▶ _Input data_:
▽
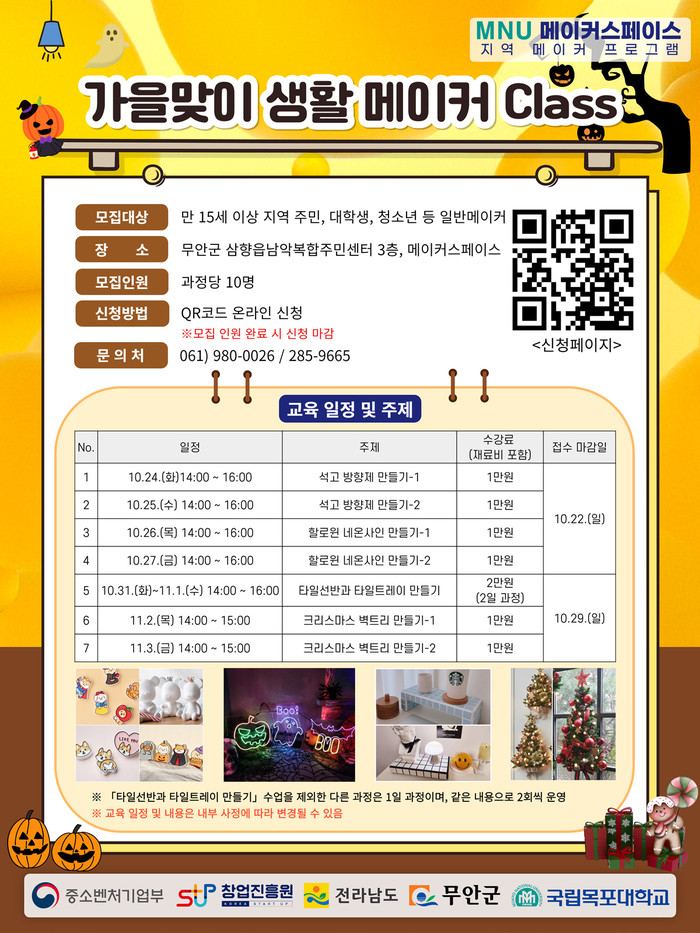 [전남=프레스뉴스] 강래성 기자= 전남 무안군(군수 김산)은 국립목포대학교 창업혁신센터(센터장 유영재)에서 운영하는 MNU메이커스페이스에서 대학생, 지역주민, 청소년을 대상으로 ‘가을맞이 생활메이커 클래스’ 교육을 운영한다고 밝혔다.
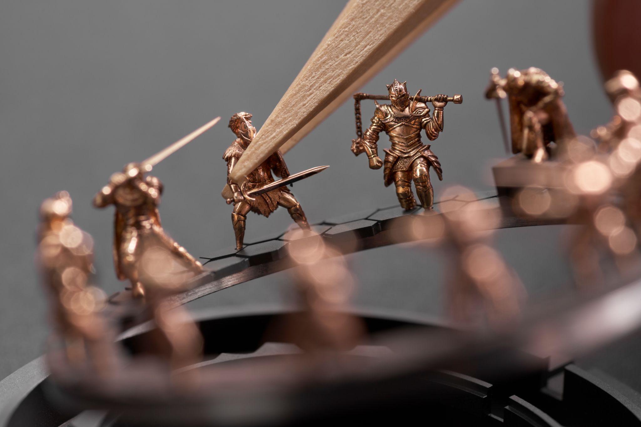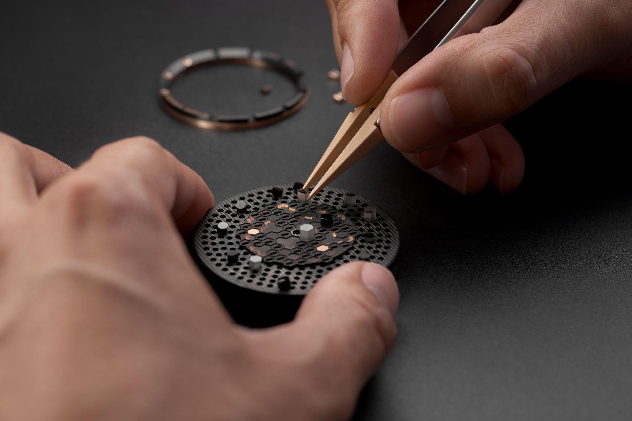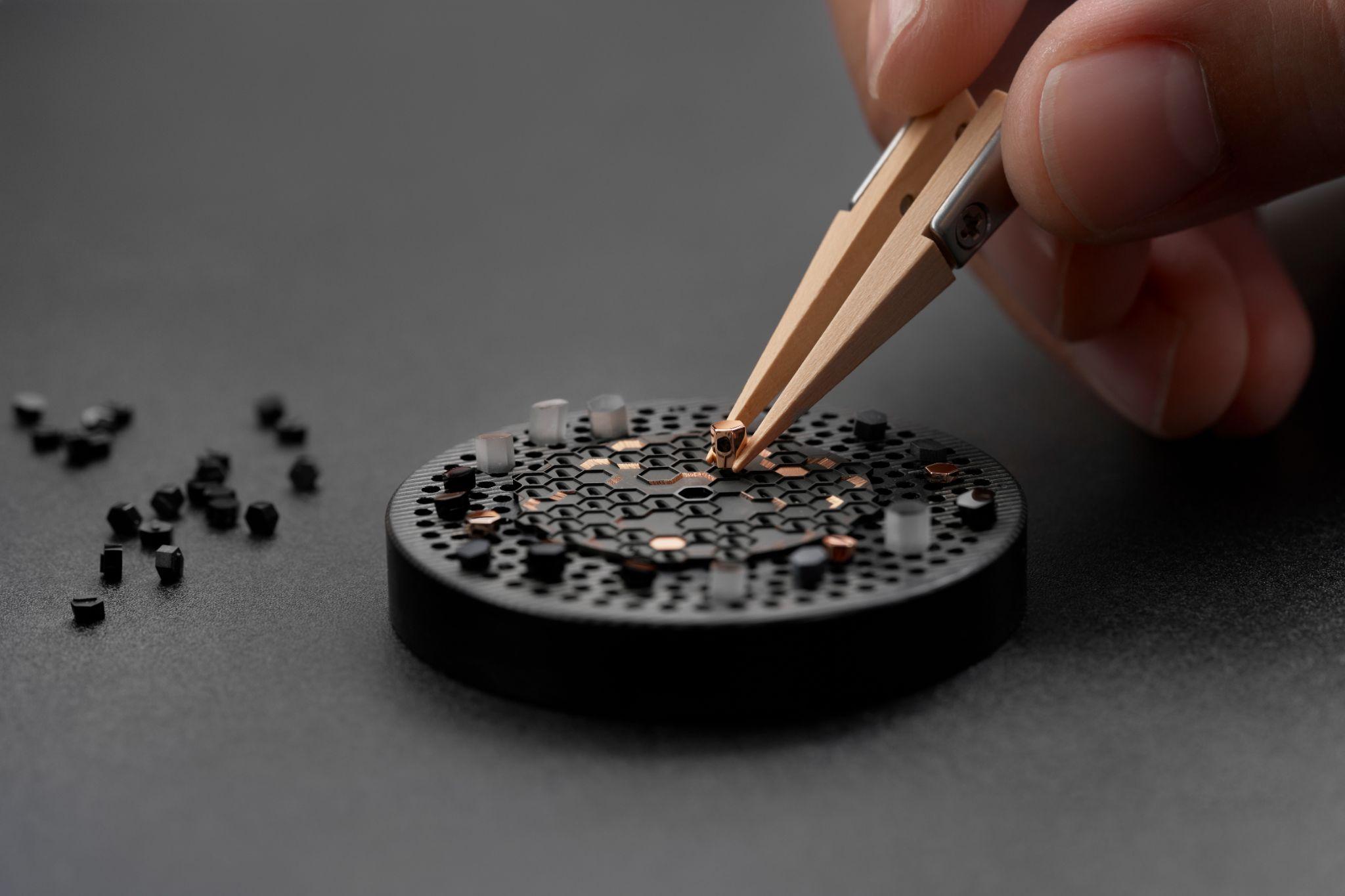 وقد زُودت العلبة بغطاء خلفي من زجاج الكريستال الياقوتي يكشف عن آلية الحركة الداخلية بتفاصيلها المبهرة. تحيط بالميناء حلية من الألماس المتلألئ، في حين تزين القرنين زخرفة على شكل “سنوفلايك”، حيث تم ترصيع الأحجار الكريمة بأحجام متباينة لتمنح الساعة تألقًا أشبه بلمعان الثلج تحت أشعة الشمس. أما التاج فهو غير لولبي، ومرصّع بحجر ياقوت كابوشون أحمر يضفي لمسة من الفخامة والرقي. يأتي الميناء مصنوعًا من عرق اللؤلؤ الطبيعي، ينساب عليه الضوء والظل بتناغم أخاذ. وقد زُينت الحافة الداخلية بتدرج من أحجار الياقوت الوردي المتلألئ الذي يلتقي عند قلب من الياقوت الأحمر بين الساعتين 6 و9، ليكون رمزًا دائمًا للحب والعاطفة. أما العقارب الفولاذية الزرقاء ذات التصميم المفتوح، فهي تتحرك بانسيابية فوق الميناء، مشيرة إلى لحظات تستحق الاحتفاء بها. تُدار هذه الساعة بواسطة الحركة الأوتوماتيكية Calibre 537/3، التي تتميز باحتياطي طاقة يصل إلى 45 ساعة. تضم الحركة 191 مكونًا، مع 26 حجرًا كريماً، وتعمل بتردد 3.5 هرتز، مما يضمن دقة وثبات الأداء. كما يحتوي نظام الحركة على زنبرك توازن ورافعة مصنوعة من السيليكون لضمان مقاومة أكبر للتآكل والعوامل الخارجية. يكتمل التصميم بسوار مصنوع من جلد التمساح الأحمر الفاخر، يُغلق بمشبك ثلاثي من الذهب الأبيض عيار 18 قيراطًا، مما يوفر الراحة والأناقة في آن واحد. وتتمتع الساعة بمقاومة للماء تصل إلى 3 بار (30 مترًا)، مما يعزز من وظيفيتها وعمليتها.
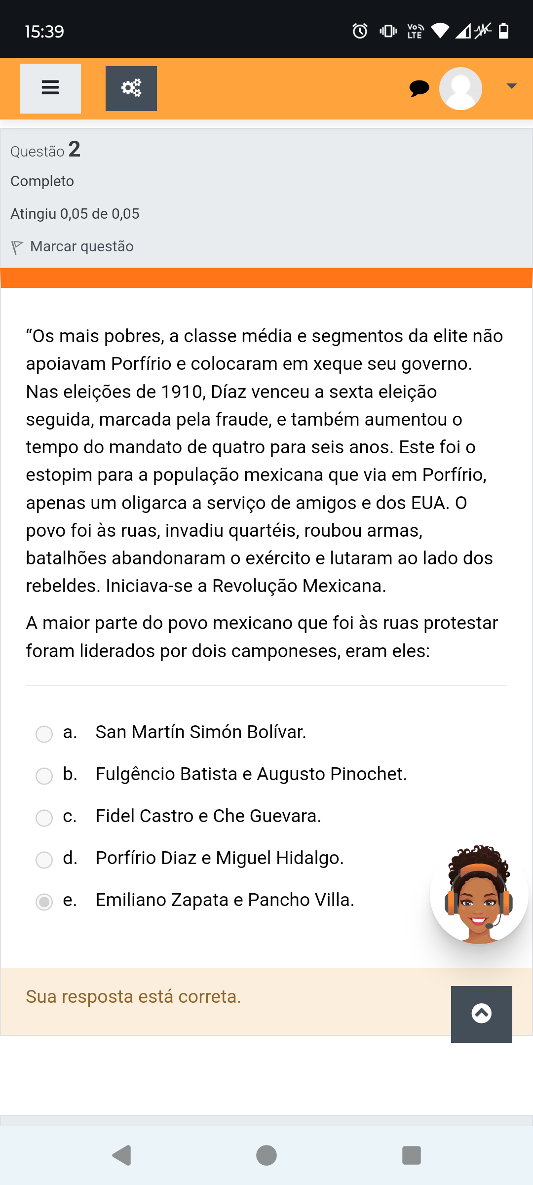 15:39 LTE Questão 2 Completo Atingiu 0,05 de 0,05 Marcar questão "Os mais pobres, a classe média e segmentos da elite não apoiavam Porfírio e colocaram em xeque seu governo. Nas eleições de 1910, Díaz venceu a sexta eleição seguida, marcada pela fraude, e também aumentou o tempo do mandato de quatro para seis anos. Este foi o estopim para a população mexicana que via em Porfírio, apenas um oligarca a serviço de amigos e dos EUA. povo foi às ruas, invadiu quartéis, roubou armas, batalhões abandonaram o exército e lutaram ao lado dos rebeldes. Iniciava-se a Revolução Mexicana. A maior parte do povo mexicano que foi às ruas protestar foram liderados por dois camponeses, eram eles: a. San Martín Simón Bolívar. b. Fulgêncio Batista e Augusto Pinochet. C. Fidel Castro e Che Guevara. d. Porfírio Diaz e Miguel Hidalgo. e. Emiliano Zapata e Pancho Villa. Sua resposta está correta.
△
▶ _Assignment_: In transcribing the listing, keep each word as it is and drop the pictures.

▶ _Solution for this exercise_:
 [전남=프레스뉴스] 강래성 기자= 전남 무안군(군수 김산)은 국립목포대학교 창업혁신센터(센터장 유영재)에서 운영하는 MNU메이커스페이스에서 대학생, 지역주민, 청소년을 대상으로 ‘가을맞이 생활메이커 클래스’ 교육을 운영한다고 밝혔다.
 وقد زُودت العلبة بغطاء خلفي من زجاج الكريستال الياقوتي يكشف عن آلية الحركة الداخلية بتفاصيلها المبهرة. تحيط بالميناء حلية من الألماس المتلألئ، في حين تزين القرنين زخرفة على شكل “سنوفلايك”، حيث تم ترصيع الأحجار الكريمة بأحجام متباينة لتمنح الساعة تألقًا أشبه بلمعان الثلج تحت أشعة الشمس. أما التاج فهو غير لولبي، ومرصّع بحجر ياقوت كابوشون أحمر يضفي لمسة من الفخامة والرقي. يأتي الميناء مصنوعًا من عرق اللؤلؤ الطبيعي، ينساب عليه الضوء والظل بتناغم أخاذ. وقد زُينت الحافة الداخلية بتدرج من أحجار الياقوت الوردي المتلألئ الذي يلتقي عند قلب من الياقوت الأحمر بين الساعتين 6 و9، ليكون رمزًا دائمًا للحب والعاطفة. أما العقارب الفولاذية الزرقاء ذات التصميم المفتوح، فهي تتحرك بانسيابية فوق الميناء، مشيرة إلى لحظات تستحق الاحتفاء بها. تُدار هذه الساعة بواسطة الحركة الأوتوماتيكية Calibre 537/3، التي تتميز باحتياطي طاقة يصل إلى 45 ساعة. تضم الحركة 191 مكونًا، مع 26 حجرًا كريماً، وتعمل بتردد 3.5 هرتز، مما يضمن دقة وثبات الأداء. كما يحتوي نظام الحركة على زنبرك توازن ورافعة مصنوعة من السيليكون لضمان مقاومة أكبر للتآكل والعوامل الخارجية. يكتمل التصميم بسوار مصنوع من جلد التمساح الأحمر الفاخر، يُغلق بمشبك ثلاثي من الذهب الأبيض عيار 18 قيراطًا، مما يوفر الراحة والأناقة في آن واحد. وتتمتع الساعة بمقاومة للماء تصل إلى 3 بار (30 مترًا)، مما يعزز من وظيفيتها وعمليتها.
 15:39 LTE Questão 2 Completo Atingiu 0,05 de 0,05 Marcar questão "Os mais pobres, a classe média e segmentos da elite não apoiavam Porfírio e colocaram em xeque seu governo. Nas eleições de 1910, Díaz venceu a sexta eleição seguida, marcada pela fraude, e também aumentou o tempo do mandato de quatro para seis anos. Este foi o estopim para a população mexicana que via em Porfírio, apenas um oligarca a serviço de amigos e dos EUA. povo foi às ruas, invadiu quartéis, roubou armas, batalhões abandonaram o exército e lutaram ao lado dos rebeldes. Iniciava-se a Revolução Mexicana. A maior parte do povo mexicano que foi às ruas protestar foram liderados por dois camponeses, eram eles: a. San Martín Simón Bolívar. b. Fulgêncio Batista e Augusto Pinochet. C. Fidel Castro e Che Guevara. d. Porfírio Diaz e Miguel Hidalgo. e. Emiliano Zapata e Pancho Villa. Sua resposta está correta.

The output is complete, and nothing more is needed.